Cell-free DNA (cfDNA) found in the bloodstream is primarily a byproduct of cell death in both normal and cancer cells . Circulating DNA fragments are mainly short molecules with an average length of mononucleosome size that tend to be more fragmented in internucleosomal linkers and open chromatin regions. This leads to a biased, non-random fragmentation pattern . Moreover, tumor-derived DNA fragments (ctDNA) tend to be shorter than the non-tumor cell-derived fraction, and constantly accumulating evidence suggests that cfDNA fragmentation may serve as a cancer biomarker at the whole-genome level [6, 7]. Some studies argue the presence of specific genomic regions with preferential tissue-specific or tumor-specific cfDNA fragmentation . Recently, several groups have thoughtfully characterized open chromatin landscapes in human cancer [9, 10], allowing further extrapolations to the cfDNA fragmentation footprints . Here, we focus on targeted high-resolution profiling of cancer-specific open-chromatin regions in cfDNA from the blood of healthy individuals and patients with colorectal and renal cancers. We demonstrate that the proposed approach can facilitate cancer detection.

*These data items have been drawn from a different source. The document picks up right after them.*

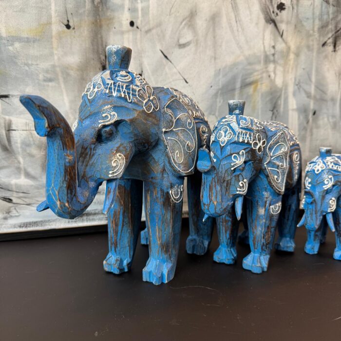 Dekoratyvinių drambliukų rinkinys taps išskirtiniu jūsų interjero papuošimu, kuris ne tik vizualiai praturtins erdvę, bet ir įneš ramybės, gerovės bei teigiamos energijos. Tai daugiau nei dekoras – tai dvasinga Balio kultūros dalelė jūsų namuose.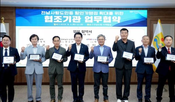 전라남도는 3일 도청 서재필실에서 전남도 상인연합회 등 7개 단체와 전남 사랑애(愛) 서포터즈 서비스 강화를 위한 전남사랑도민증 할인가맹점 확대 업무협약을 했다.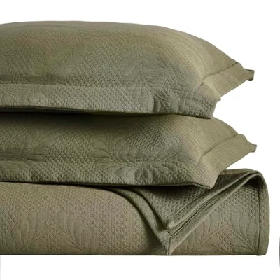 Superior 3 Piece Cotton Bedspread Set, Home Bed Decor, Decorative Spread, 2 Pillow Shams, Medium Weight Blanket, Matelasse Coverlet, Bedding Essentials, Peploi Collection, King, Olive Green

Targeted fragment end profiling in cfDNA
To design an assay capable of capturing cfDNA fragment end profile shifts in cancer, we examined the available ATAC-seq datasets of 410 tumor samples from The Cancer Genome Atlas (TCGA). These data characterize chromatin accessibility in 23 cancer types, including colon adenocarcinoma (COAD) and renal cell carcinoma (RCC) with a peak resolution of 500 bp . Of these, we selected 48 COAD-specific and 48 RCC-specific peaks based on their normalized scores and specificity for the corresponding cancer type (Supplementary Fig. 1). To accurately analyze cfDNA fragment end profiles (cfDNA-FEP) in genomic regions of interest, we used a modified anchored multiplex PCR approach followed by NGS . Briefly, ligation of the universal adapter to cfDNA is followed by primer extension from the target primer pool such that the resulting products contain universal adapter sequences at the 3′-ends. The ligated adapters contain unique molecular identifiers (UMIs) to effectively remove PCR duplicates during downstream analysis and converge read counts to the number of original cfDNA molecules. Subsequent amplification is performed with universal primers to reduce PCR biases. This scheme allows for targeted amplification while preserving information about the original end coordinates of the cfDNA fragments (Fig. 1A). The distributions of relative end positions reflect cfDNA fragmentation profiles specific to each target region. We hypothesized that the cfDNA end profile pattern in open-chromatin regions might differ between healthy individuals and cancer patients.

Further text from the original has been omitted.